Am dritten Morgen, als sie den Friedhof erreichte, hörte sie schon von Weitem das vertraute Trillern des kleinen Vogels. Sie blickte zum Baum und erkannte ihn sofort wieder.
«Hallo nochmal», sagte sie.
Der Vogel zwitscherte noch einmal, flog dann vom Baum herunter und landete auf dem Grabstein ihrer Mutter. In seinem Schnabel hielt er einen winzigen Zweig.
Clarice blieb stehen, und für einen Moment starrten der Vogel und die junge Frau einander an.
«Mama, ich weiß, du hast immer gesagt, dass Vorzeichen und Visionen alberner abergläubischer Unsinn sind, aber vielleicht war das nur in diesem Leben. Wenn du mir zuhörst, und ich möchte so gern glauben, dass du es tust, dann möchte ich, dass du weißt, wie leid es mir tut. Dass ich verstehe, dass du nur versucht hast, mich zu beschützen.»
Der Vogel zwitscherte.
«Ich bitte um deine Vergebung und um deinen Segen.»

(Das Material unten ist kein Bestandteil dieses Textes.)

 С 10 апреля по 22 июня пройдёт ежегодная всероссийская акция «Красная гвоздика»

Eine leichte Brise rauschte durch das Tal, und die Baumwipfel bewegten sich. Der Vogel flog weg. Sie sah zu, wie er hoch in einem entfernten Baum landete, wo er wieder zu singen begann.

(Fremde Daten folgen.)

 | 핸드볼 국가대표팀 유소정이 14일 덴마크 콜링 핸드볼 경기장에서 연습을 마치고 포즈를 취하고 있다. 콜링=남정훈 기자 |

Sie ging die kurze Strecke zum Grabstein ihrer Mutter. Dort oben lag der Zweig, den der Vogel im Schnabel getragen hatte. Sie drehte sich um und versuchte, einen letzten Blick auf den Vogel zu erhaschen, aber er war verschwunden.
Vorsichtig hob sie den Zweig auf und untersuchte ihn. Abgesehen von einer kleinen Kerbe war es ein einfacher
Eschenzweig. Für sie war er unbezahlbar.
Während sich antike griechische Götter verschworen hatten, ihre Botschaften in Form von Blitzen und großen Stürmen auf die Erde zu senden, hatte Clarice das Gefühl, eine einfachere Botschaft der Liebe und Vergebung erhalten zu haben. Dort, allein in einem ruhigen englischen Tal, schloss sie endlich Frieden mit ihrer Mutter.
Sie nahm den Zweig und steckte ihn in ihre Manteltasche.
«Danke», sagte sie.
Sie drehte sich um und verließ das Tal, sicher in dem Wissen, dass sie wieder die Tochter ihrer Mutter war.